Comentario de D. Santiago a las lecturas del domingo 1 de Noviembre, Solemnidad de Todos los Santos

1 DE NOVIEMBRE, TODOS LOS SANTOS

Siempre que imaginamos un santo, especialmente viendo la iconografía, cuadros y esculturas, las caras que les ponen de dulzura angelical. Es como si su vida hubiese sido un dulce caminar por una senda llena de flores desde la que veían constantemente a Dios en su gloria. Incluso a los mártires, hombres y mujeres que murieron entre atroces tormentos la mayoría de ellos, se les representa con el símbolo de su martirio y una cara inexpresiva.
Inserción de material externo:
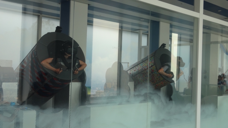 展望台最大の見どころはVRを使ったアトラクション。「TOKYO弾丸フライト」では、1回600円でスリル満点の飛行体験ツアーを楽しめます。VRゴーグルを装着して大砲に乗りましょう!

No se puede ser santo sin ser primero persona, en el sentido más amplio de la palabra, con las grandezas y las miserias de todas las personas. No se puede ser santo sin reconocerse primero pecador, sin reconocerse primero como un luchador constante contra el mal que te acecha y te rodea por todas partes. No se puede ser santo sin asumir la debilidad y saberse un necesitado constante de la ayuda divina, sin la que nada se puede en la constante lucha contra el pecado y el mal que conlleva.
Por eso cuando, como nos cuenta la segunda lectura, Juan pregunta al ángel quien es esa gran multitud, le responde que son los que han lavado su vida, su ser y su historia en la Sangre del Cordero. Los que han llegado arrastrando sus miserias, pero sabiéndose débiles y necesitados de Cristo, y se han aferrado a Él con todas sus fuerzas, sabiendo que sin Él nada podían lograr. Por eso han encontrado en la sangre de Cristo, derramada por puro amor, el modo de poder lavar sus pecados, de ir recuperando la santidad primera que recibieron en el día de su bautismo, de luchar día a día por irse liberando de ese mal que nos acecha y que sin Dios, el único Santo y origen de toda santidad, no va a ser posible lograrlo, no es posible vencerlo.
Y es curioso, cuando Cristo presenta un programa para lograr esa santidad, lo hace sin pedir nada para Él, ya que nada le podemos dar, nada le podemos añadir a su gloria. Ese programa sólo pretende establecer unas relaciones de fraternidad total entre todos los hombres, buscando que toda relación se base en la hermandad y la misericordia. Una misericordia que brota de las manos de Dios y que quiere envolvernos como un manto protector.
Las bienaventuranzas es el modo más perfecto para librarnos de todo lo que se opone a que el amor de Dios nos cubra, nos llene de su vida. Las bienaventuranzas eliminan todo lo que mina la convivencia, todo lo que se opone a un mundo más justo y solidario. Las bienaventuranzas desmenuzan todas las conductas humanas y las conducen hacia Dios por los hermanos. Las bienaventuranzas es el modo que Cristo nos ofrece para recuperar nuestra santidad inicial.
En una reunión de catequistas, hablando de cuales serían nuestros objetivos definitivos, yo les decía que algo muy simple y muy difícil al mismo tiempo. Acompañar a los niños hacia la santidad, que es el único objetivo del cristiano. Llevarlos al encuentro con Cristo en la Eucaristía, es llevarlos al encuentro de la santidad a la que estamos destinados, por la que Cristo muere y resucita y para la que fuimos creados, nosotros y el universo que nos rodea.
Esta festividad ha de ser un reto y un acicate. Un reto para no dejarnos en la lucha contra el mal y el pecado, que nos separa y deshumaniza. Y un acicate para saber que es posible, que Cristo no escatima su amor y su misericordia para que podamos conseguirlo.